The parties to this action may object to and seek review of this Report and Recommendation, but are required to file any objections within 14 days of service, as provided for in Federal Rule of Civil Procedure 72(b)(2) and Local Rule 72.1(d). Failure to file specific objections constitutes a waiver of any further right of appeal. Thomas v. Arn, 474 U.S. 140 (1985); Howard v. Sec'y of Health and Human Servs., 932 F.2d 505 (6th Cir. 1981). Filing objections that raise some issues but fail to raise others with specificity will not preserve all the objections a party might have to this Report and Recommendation. Willis v. Sec'y of Health and Human Servs., 931 F.2d 390, 401 (6th Cir. 1991); Smith v. Detroit Fed'n of Teachers Local 231, 829 F.2d 1370, 1373 (6th Cir. 1987). Pursuant to Local Rule 72.1(d)(2), any objections must be served on this Magistrate Judge.
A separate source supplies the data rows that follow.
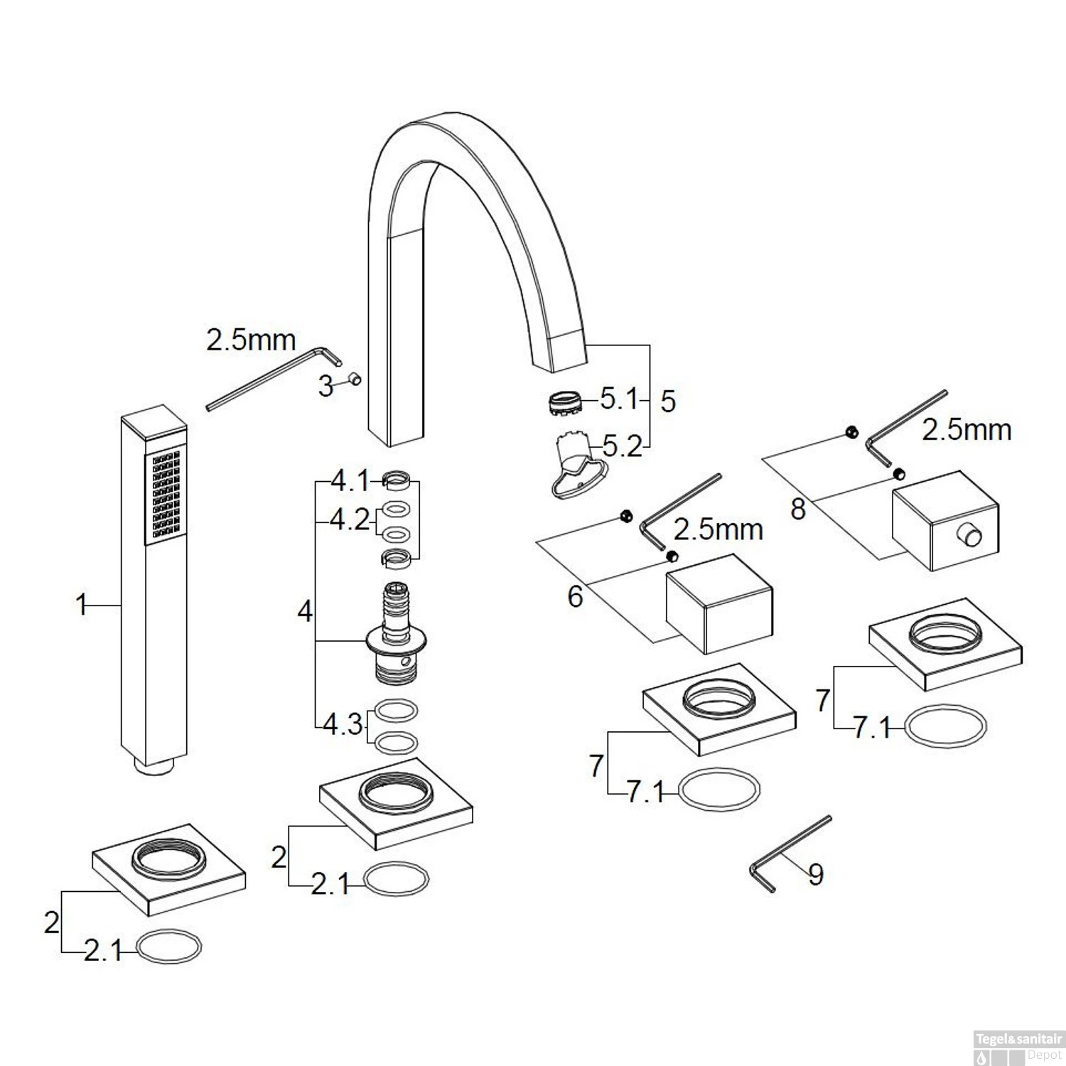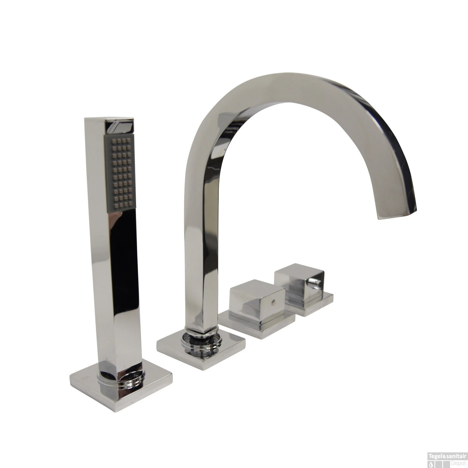 Deze badrandthermostaat afbouwset is te combineren met het 4-gats inbouwdeel van het merk Boss & Wessing. Indien u dit wenst, vergeet deze dan niet bij te bestellen! De afwerking van deze set is chroom. Met de juiste behandeling zult u jarlang plezier hebben van de kwaliteit en glans. Deze set bestaat uit een vierkante handdouche messing/verchroomd, een vierkante omstelknop chroom, een vierkante thermostaatknop met blokkering op 38 graden en een vierkante uitloop chroom.
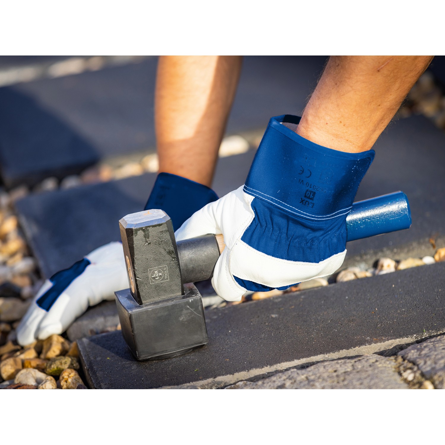 S vysoko kvalitnými pracovnými rukavicami značky LUX zvládnete hrubé práce v dielni a dome a zároveň získate účinnú ochranu vašich rúk. Rukavice sú vyrobené z hovädzej kože s elastickými polyesterovými vložkami a vnútornou stranou z bavlny. Vďaka tomu sú extrémne zaťažiteľné, dobre sadnú a ponúkajú príjemný komfort pri nosení.
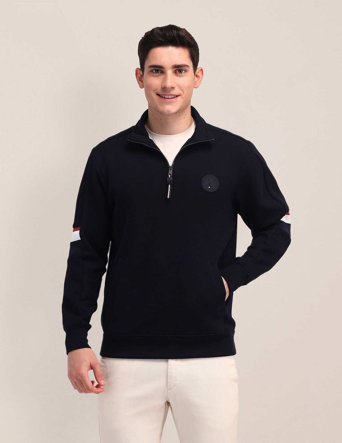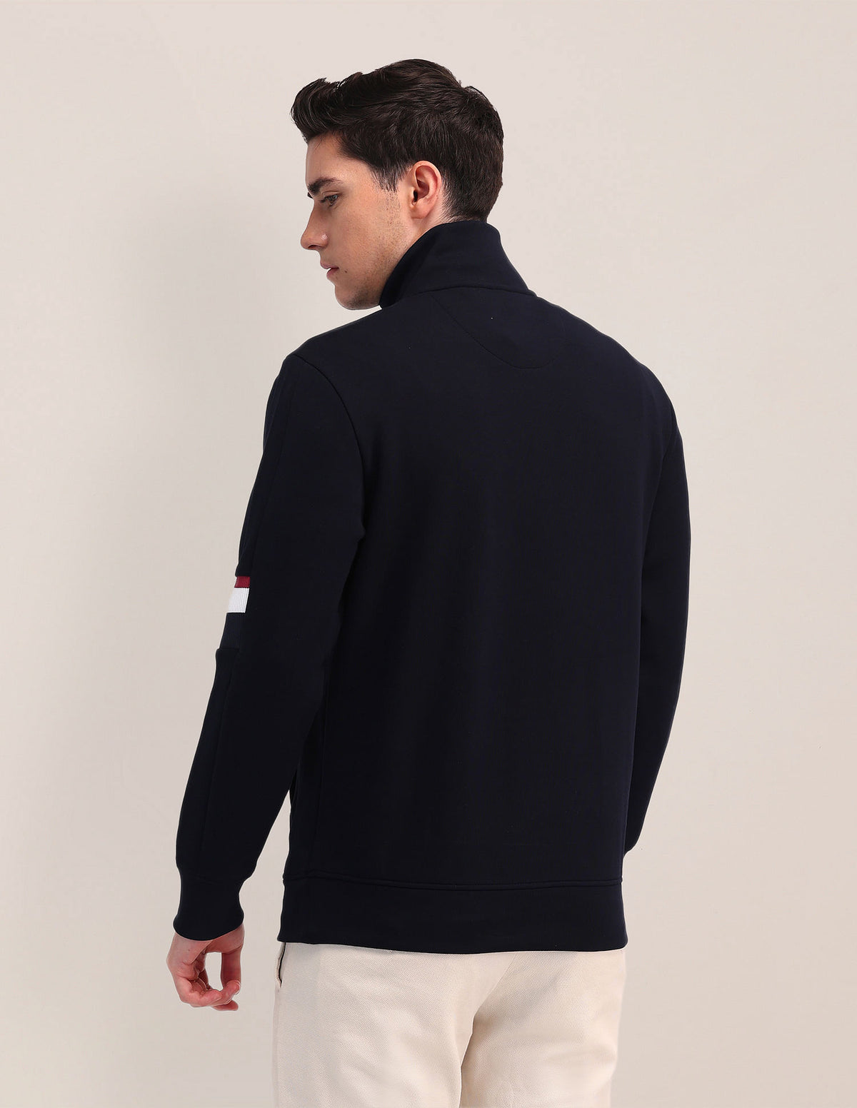 | Stand neck | Zip closure | Long sleeves | Ribbed sleeve hems and hemline | Two pocket | Solid pattern | Knitted | Regular fit | Country Of Origin - Bangladesh
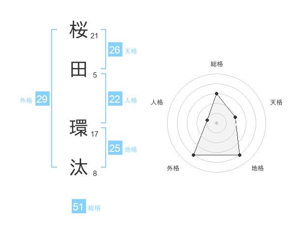 桜田 環汰さんの総格は51画の3点!
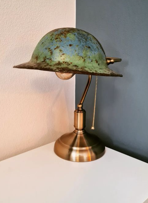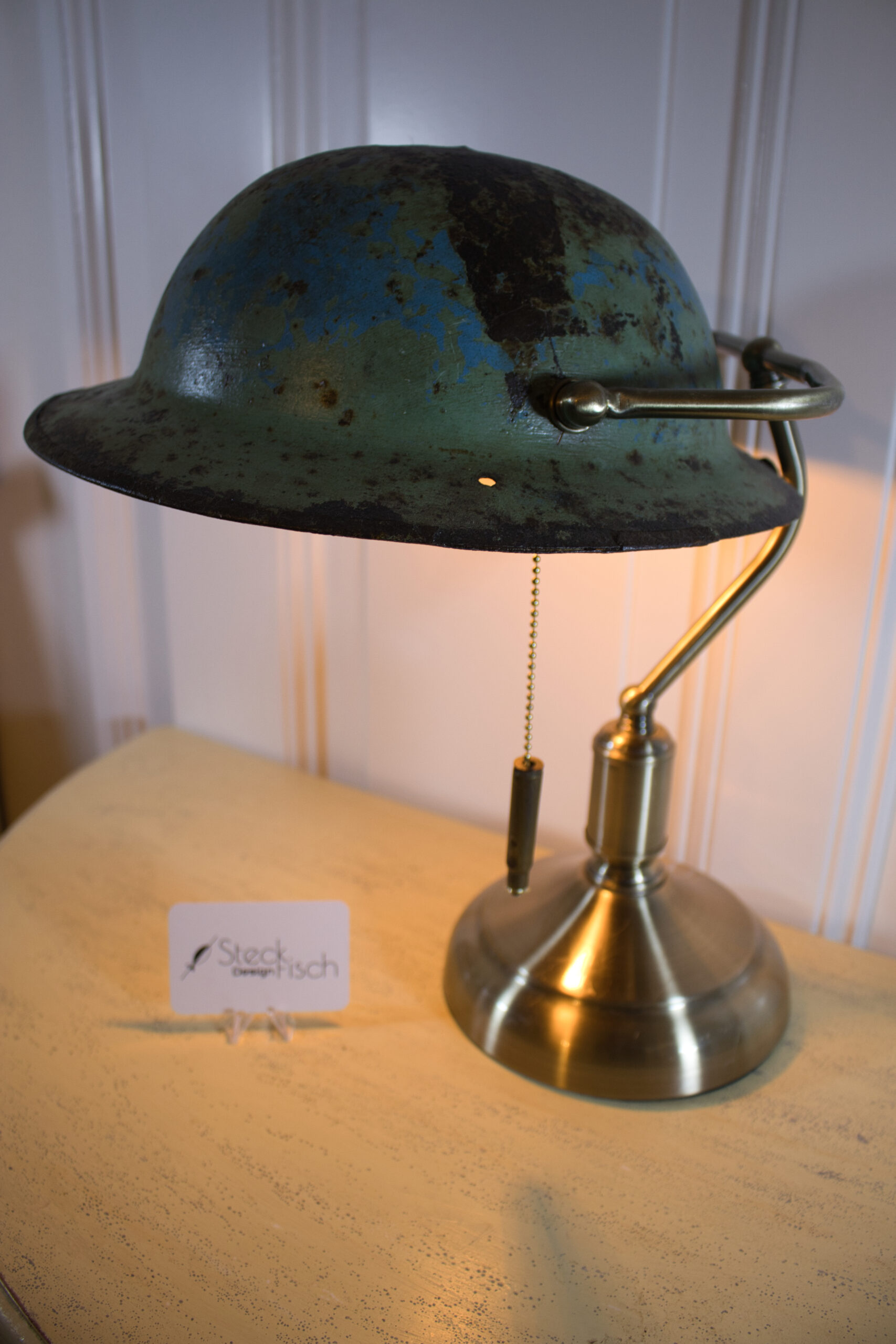 Ein Hauch Geschichte in Blaugrün – die Brodie HelmLampe von Steckfisch Design
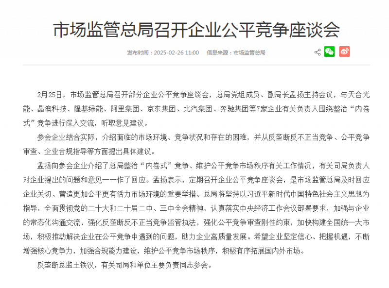 2月25日,市場監(jiān)管總局召開部分企業(yè)公平競爭座談會,天合光能、晶澳科技、隆基綠能等7家企業(yè)有關負責人圍繞整治“內卷式”競爭進行深入交流。

Any objections must be labeled as "Objection No. 1, " "Objection No. 2, " etc. Any objection must recite precisely the provision of this Report and Recommendation to which it pertains. Not later than 14 days after service of an objection, the opposing party may file a concise response proportionate to the objections in length and complexity. Fed.R.Civ.P. 72(b)(2), Local Rule 72.1(d). The response must specifically address each issue raised in the objections, in the same order, and labeled as "Response to Objection No. 1, " "Response to Objection No. 2, " etc. If the Court determines that any objections are without merit, it may rule without awaiting the response.